Moskau erwartet, dass Russland vom weiteren Erstarken rechts- oder linkspopulistischer Parteien in Europa profitieren wird. Diese nimmt man, wenn nicht explizit als „pro-russisch“, so doch zumindest als nicht feindlich gegenüber Russland wahr. Darüber hinaus betonen etwa Marine Le Pen, Geert Wilders oder Vertreter der AfD gleichfalls die „Souveränität des Nationalstaats“ und stehen der EU, zumindest in ihrer jetzigen Form, kritisch gegenüber. Es passt daher gut ins Bild, dass gerade der Front national in der Vergangenheit finanzielle Hilfe von staatsnahen Moskauer Banken erhalten hat. Le Pen ist somit auch nach Aussage von Yuri Rubinsky, Chef des Zentrums für Frankreichstudien am Institut für Europastudien der Russischen Akademie der Wissenschaften, „Moskaus Kandidatin“. Dies gilt sicherlich umso mehr, weil die Vorsitzende des Front national das „Referendum“ auf der Krim als „nicht illegal“ bezeichnet hatte oder einen möglichen Abschied Frankreichs von den gemeinsamen Kommandostrukturen der NATO erwog. Bei den „etablierten“ Parteien favorisiert Moskau den Kandidaten, von dem es sich weniger Widerstand oder mehr Unterstützung erwartet.
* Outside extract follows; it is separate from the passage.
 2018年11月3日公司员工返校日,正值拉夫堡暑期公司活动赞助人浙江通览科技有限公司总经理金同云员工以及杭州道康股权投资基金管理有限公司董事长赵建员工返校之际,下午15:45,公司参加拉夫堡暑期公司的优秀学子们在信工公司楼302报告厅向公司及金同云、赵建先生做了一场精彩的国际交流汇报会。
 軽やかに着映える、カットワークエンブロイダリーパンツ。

In Deutschland galt das russische Wohlwollen in der Vergangenheit so meist den Sozialdemokraten. In Frankreich sieht sich das konservative Milieu oft Russland näher. Eine Sympathie, die man in Moskau gerne erwiderte.
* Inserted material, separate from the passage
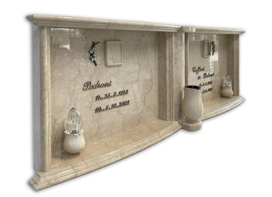 Fulcro nevralgico della nostra produzione, l’arte funebre proposta da Pontini Marmi si distingue per la totale personalizzazione di ogni opera. Urne funerarie, tombe di famiglia, statue, rivestimenti di cappelle e altre lavorazioni vengono scolpite ogni volta da zero secondo i termini pattuiti con il cliente. Le nostre maestranze artigiane si occupano di tutto, dal sopralluogo in cantiere al bozzetto preliminare, fino al trasporto sul posto e alla posa. Un ciclo di lavoro completo e su misura, eseguito nel pieno rispetto delle tempistiche e delle richieste della famiglia, dove la creatività affiora in ogni dettaglio e particolare. La scelta migliore per rendere omaggio alla memoria di un defunto, ristrutturare la tomba di famiglia o predisporre il luogo di sepoltura con opere destinate a soddisfare desideri e ideali destinati a durare in eterno.
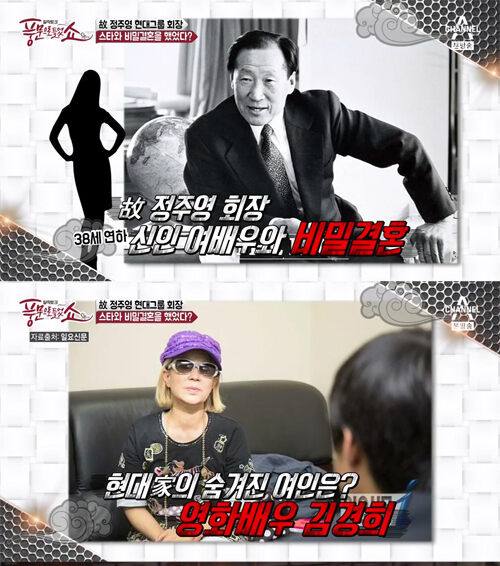 2017년 방송된 종합편성채널 채널A '풍문으로 들었쇼'(이하 '풍문쇼')에서 연예부 기자는 "고 정주영 회장이 무려 38세 연하의 여배우와 비밀 결혼을 했는데, 바로 김경희다"라고 입을 열었습니다.

Generell fällt auf, dass die aus Moskauer Sicht als aussichtsreich geltenden Kandidaten Fillon und Le Pen (vor dem Bekanntwerden der aktuellen Vorwürfe gegen François Fillon) beide als mehr oder weniger pro-russisch wahrgenommen werden. Emmanuel Macron ist weitgehend ein unbeschriebenes Blatt. Aussagen des unabhängigen Mitte-links-Kandidaten, sich ebenfalls für bessere Beziehungen mit Russland einzusetzen, wurden jedoch auch in Moskau vernommen. Dies macht einen wesentlichen Unterschied zu anstehenden Wahlgängen in anderen europäischen Ländern aus: In den Niederlanden oder Deutschland haben durchaus Kräfte Aussichten auf Erfolg, die den derzeitigen politischen Kurs gegenüber Moskau beibehalten oder gar verschärfen möchten. Vom neuen Staatsoberhaupt Frankreichs wird also ein klares Signal hin zu mehr Verständigung mit Moskau erwartet.

Philipp Nießen
Philipp Nießen
Philipp Nießen ist zurzeit im Rahmen des Alfa Fellowship Programs in Moskau und hat 2016 am Deutsch-französischen Zukunftsdialog teilgenommen.

2 Kommentare

  1. So langsam scheinen Aussagen Macrons in Richtung Russlands aber als Gefahr wahrgenommen zu werden. Anders ist es nicht zu erklären, dass etwa Sputniknews (russisches Nachrichtenportal) einem Hinterbänkler der Les Républicains einen kompletten Artikel gibt, in dem vor allem nicht belastbare Spekulationen über Macrons Privatleben breitgetreten werden: https://sputniknews.com/analysis/201702041050340451-macron-us-agent-dhuicq/

  2. Philipp Niessen sagt:

    Ja, mit seinem wahrscheinlicher werdenden Einzug in die Stichwahl steigt nun auch das Interesse in den Medien. Am 8. Februar gab es so eine 48-minütige Diskussionssendung über Macron auf Moskaus beliebtesten Radiosender (allerdings um 22:00 Uhr), http://echo.msk.ru/programs/48minut/1923972-echo/. Gut möglich, dass nun auch an anderer Stelle noch mal geschaut wird, was sich zu ihm so findet.

    Das junge Alter des Kandidaten und sein ohnehin „aussergewöhnliches“ Privatleben mit einer deutlich älteren Ehefrau sind für hiesige Verhältnisse sehr exotisch.